Obama and Putin fail to reach agreement on Syria

The US and Russian leaders held a 90-minute meeting at the G20 summit in China in an attempt to finalise deal on ceasefires and common strategy against extremist militants.
Russian president Vladimir Putin talks to US president Barack Obama during a meeting at the sidelines of the G20 Summit in Hangzhou, China, on September 5, 2016. Alexei Druzhinin / Sputnik / EPA
Russian president Vladimir Putin talks to US president Barack Obama during a meeting at the sidelines of the G20 Summit in Hangzhou, China, on September 5, 2016. Alexei Druzhinin / Sputnik / EPA

HANGZHOU, China // The US and Russia are challenged by “gaps of trust” but have not given up on negotiations to stem the bloodshed in Syria, Barack Obama said on Monday.

Significant sticking points remain in over a creation of an unlikely US-Russian military partnership focusing firepower on “common enemies” in Syria, the US president said.

He acknowledged that a flurry of diplomacy at an economic summit and a 90-minute meeting with Russian president, Vladimir Putin, earlier on Monday did not yield a breakthrough.

“Given the gaps of trust that exist, that’s a tough negotiation,” Mr Obama said at the end of the Group of 20 summit. “We haven’t yet closed the gaps.”

Mr Obama did not detail the trouble spots, although he suggested the US has concerns about Russia holding up its end of the bargain and enforcing the terms.

Any deal would depend on Moscow using its influence with Syrian president Bashar Al Assad to persuade him to ground planes and stop the assault on opposition forces.

Mr Obama said the aim was to reach “meaningful, serious, verifiable cessations of hostilities in Syria”.

Mr Putin said there had been some “alignment”, insisting the two sides could reach a deal soon.

“Despite everything, we have some alignment of positions and an understanding of what we could do to de-escalate the situation in Syria,” he said.

“I believe that we are on the right track and could, at least for some period of time, agree to carry out mutual energetic attempts to make the situation in Syria more healthy,” he said.

“Our mutual work with the US in fighting terrorist organisations, including in Syria, will be significantly improved and intensified.”

The US secretary of state John Kerry and Russian foreign minister Sergey Lavrov have for weeks been trying to broker a deal to curb the violence between the Assad’s government forces, which are allied with Russia, and moderate rebels backed by the US.

The deal depends on the two sides agreeing to closer militarily coordination against extremist groups operating in Syria, something the Russians have long sought and the US resisted.

Mr Obama has expressed scepticism that Russia would hold to its agreement.
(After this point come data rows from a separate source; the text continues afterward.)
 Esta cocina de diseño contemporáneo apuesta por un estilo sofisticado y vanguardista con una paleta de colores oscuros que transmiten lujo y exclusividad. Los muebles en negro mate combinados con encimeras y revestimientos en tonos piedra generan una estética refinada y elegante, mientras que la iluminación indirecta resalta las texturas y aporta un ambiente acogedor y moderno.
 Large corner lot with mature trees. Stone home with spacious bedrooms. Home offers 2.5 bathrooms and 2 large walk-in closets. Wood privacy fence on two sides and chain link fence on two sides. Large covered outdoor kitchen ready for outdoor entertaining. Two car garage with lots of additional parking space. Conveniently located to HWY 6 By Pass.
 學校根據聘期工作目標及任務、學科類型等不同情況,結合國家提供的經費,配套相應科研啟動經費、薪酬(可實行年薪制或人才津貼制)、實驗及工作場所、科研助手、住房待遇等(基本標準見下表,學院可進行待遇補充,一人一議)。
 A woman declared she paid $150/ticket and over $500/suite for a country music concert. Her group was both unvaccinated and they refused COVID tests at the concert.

The state department wants a nationwide ceasefire between Mr Al Assad’s military and the rebels, rather than another time-limited agreement like ones that failed before.
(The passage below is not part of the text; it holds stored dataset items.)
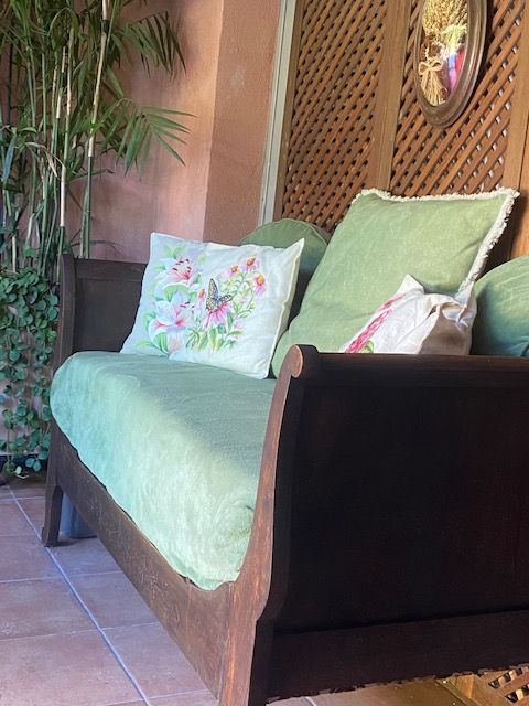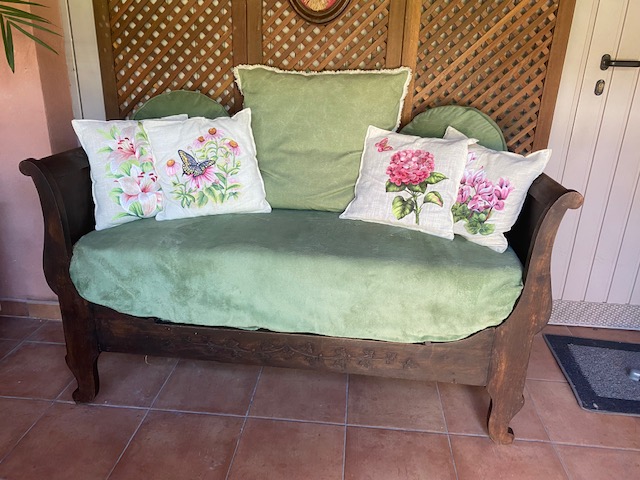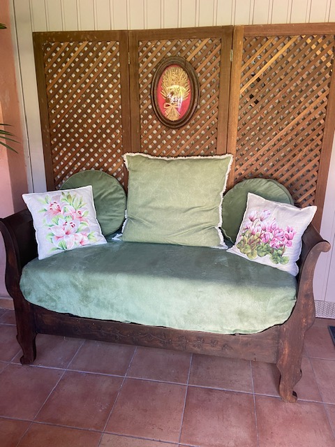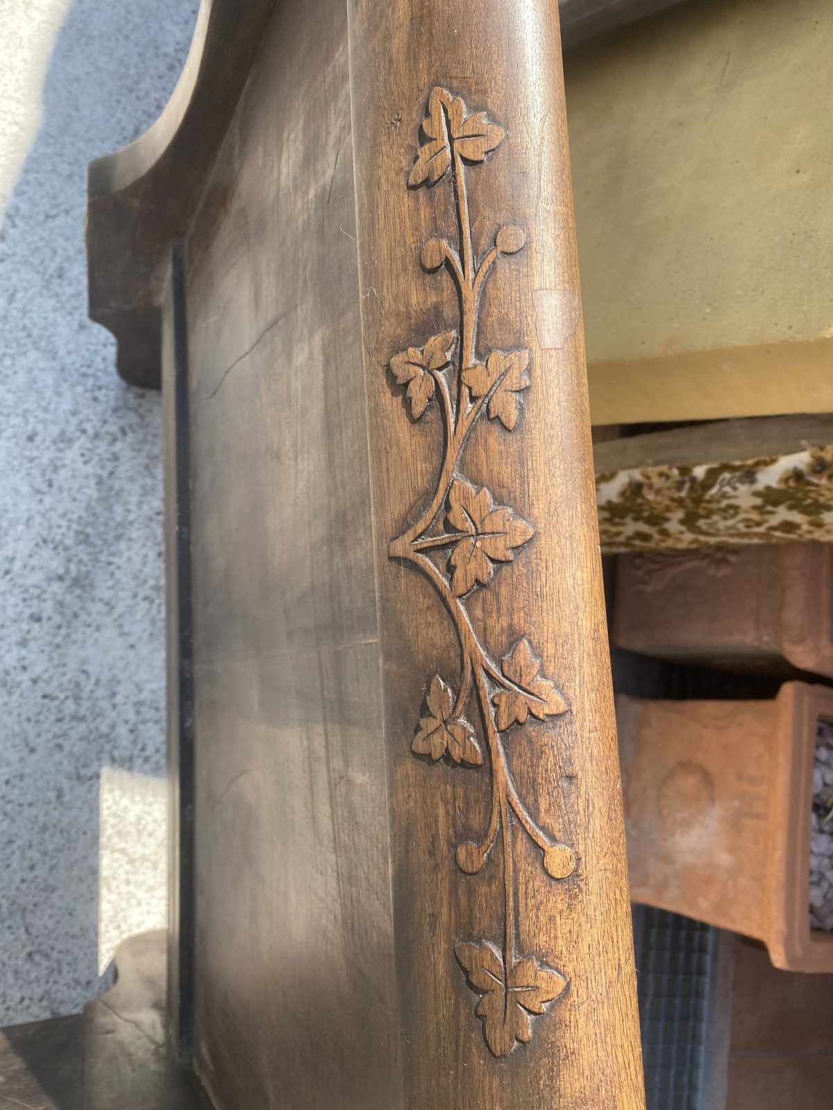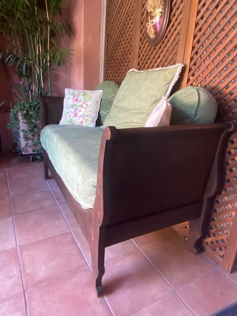 Lit d’appuis Louis Philippe en noyer finement ouvragé de feuilles de lierre et avec son sommier fessant office de banquette.
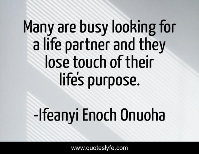 This page presents the quote "Many are busy looking for a life partner and they lose touch of their life's purpose.". Author of this quote is Ifeanyi Enoch Onuoha. This quote is about life, hinovelty, quote, singlehood, ifeanyi-enoch-onuoha, marriage, purpose, vision,.
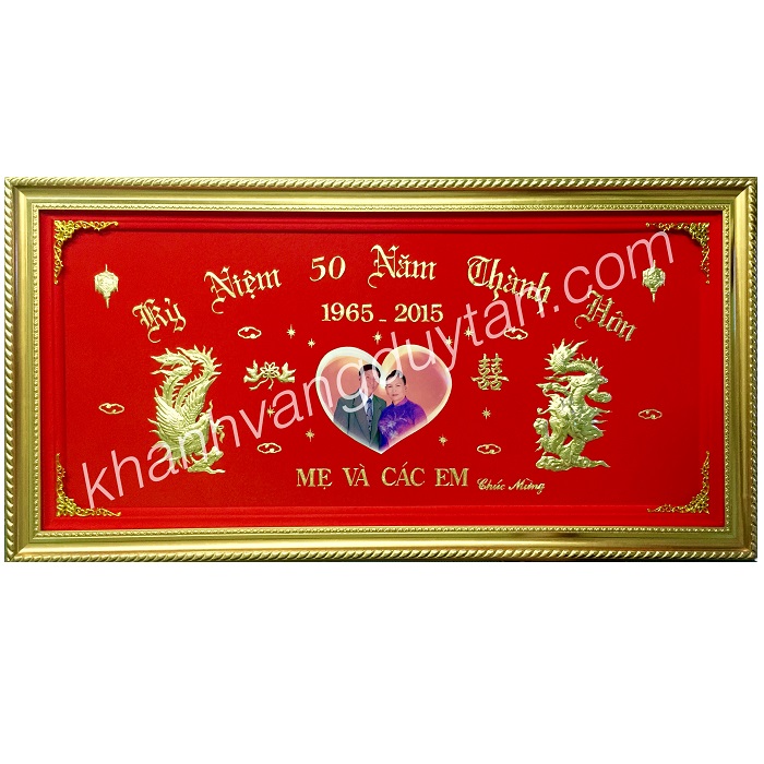 Quà mừng kỷ niệm ngày cưới Bố Bẹ tranh vàng 24k sang trọng, nội dung đặt theo yêu cầu hình Rồng Phụng và tên Bố Mẹ, năm kỷ niệm ngày thành thông của bố mẹ và trang trí các họa tiết, biểu trưng cho hạnh phúc gia đình: Đôi chim uyên ương, chữ song Hỷ,...

Mr Obama’s meeting with Mr Putin came as the Russian leader is playing a prominent role in the US presidential campaign. American officials blame Russian intelligence for a hack on the Democratic National Committee that resulted in a leak of emails damaging to its presidential nominee, Hillary Clinton. Mr Putin has denied his government was involved, but cheered the release of the information.
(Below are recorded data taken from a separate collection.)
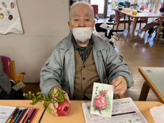 2024.11.09 認知症デイサービス お見事! Tweet シェアする いつも素敵な絵を描いて下さる利用者様。今日は絵手紙に挑戦です。 葉書を使い、その枠の中に対象物を描くという難しい作業。 結果はこの通り。画面の中には立派なザクロが姿を表しました! 前の記事 2024.11.10 認知症デイサービス これが作品です 次の記事 2024.11.09 認知症デイサービス 立冬の昼食 一覧へ戻る
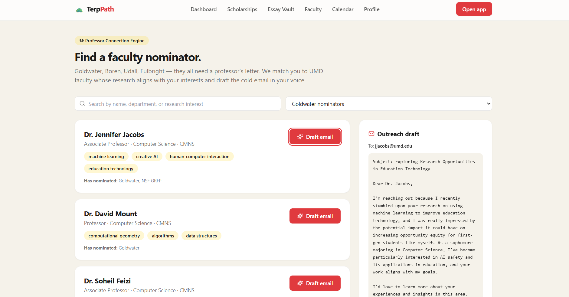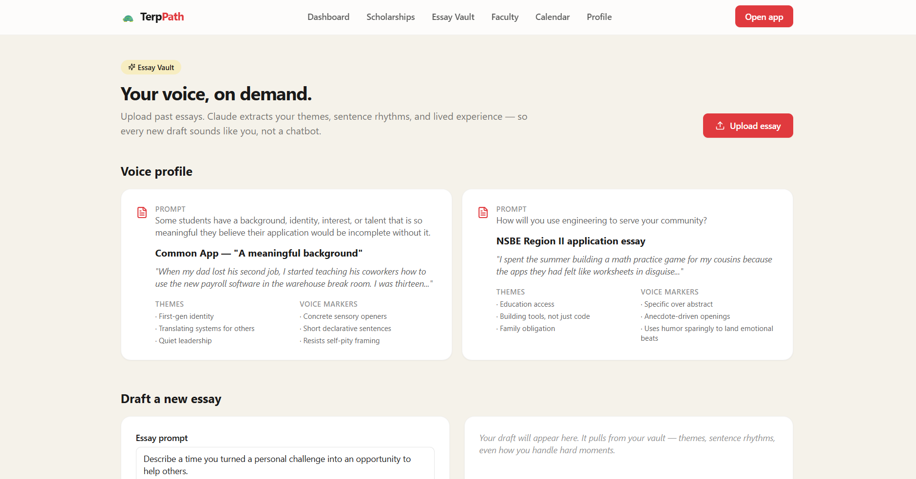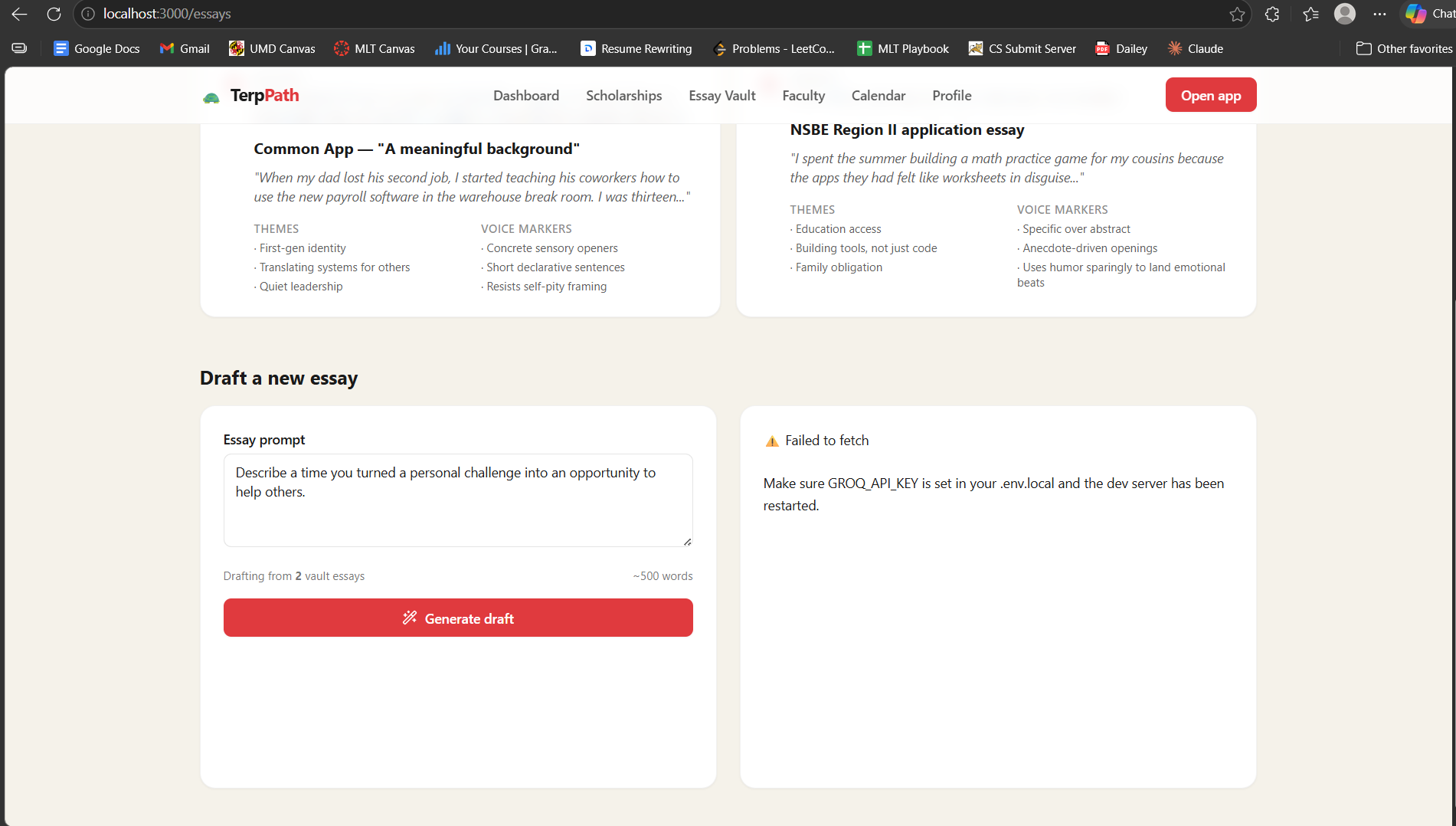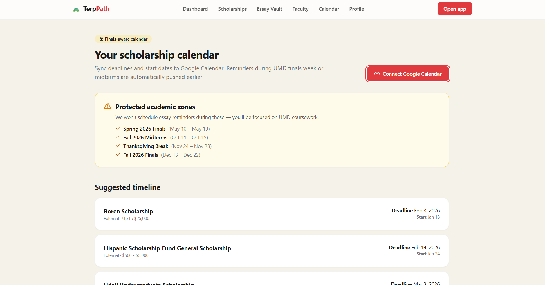 Many students at the University of Maryland miss out on scholarships they qualify for because the process is confusing, scattered, and time-consuming. As students ourselves, we saw how hard it is to find opportunities, manage deadlines, and write strong essays while balancing school. We wanted to build something that makes accessing funding simple and personal.
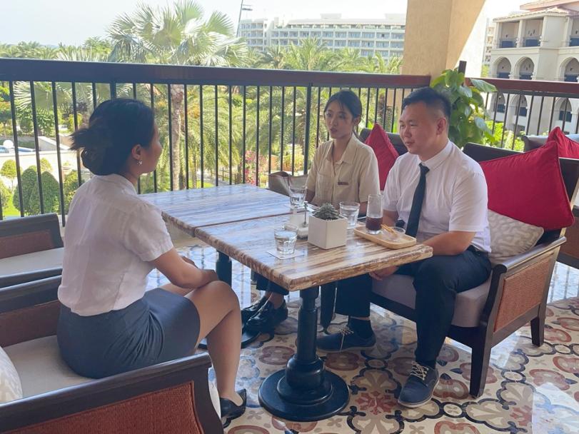 经济与管理系财务教研室专任教师刘泽奇、解禹来到三亚JW万豪&喜来登度假酒店开展调研工作,调研团队与酒店人力资源部经理陈洁玲做了深度的探讨。

The US president said he expressed concerns about cybersecurity issues with Mr Putin.

Mr Obama and Mr Putin also discussed the conflict in Ukraine, where Russian-backed separatists have been fighting the government, and the implementation of the agreement to stop the violence.

The difficult diplomacy on Syria set the tone for an uneven few days for Mr Obama on his last tour through Asia as president.

His visit started on a high note, with the US and China consummating their unlikely partnership on climate change by announcing they were both entering the global emissions-cutting deal reached last year in Paris.

But the focus on climate quickly gave way to the failed Syria talks.

A sit-down between Mr Obama and Turkish president Recep Tayyip Erdogan also laid bare the two Nato allies’ diverging interests in Syria, with Mr Erdogan pointedly challenging Mr Obama on US support for Kurds fighting ISIL. The Kurds are the most effective US-backed anti-ISIL force, but the Turks consider them to be terrorists.

Mr Obama’s meeting with Chinese president Xi Jinping also veered into delicate territory, with Mr Obama pressing Mr Xi to abide by an international tribunal’s ruling against China over the South China Sea.

To the frustration of the White House, these weighty matters seemed to be overshadowed by a made-for-social-media moment from Mr Obama’s arrival at the airport.

As the president was greeted by his Chinese hosts, Mr Obama’s aides and journalists accompanying the president clashed with a Chinese official as they tried to watch the ceremony.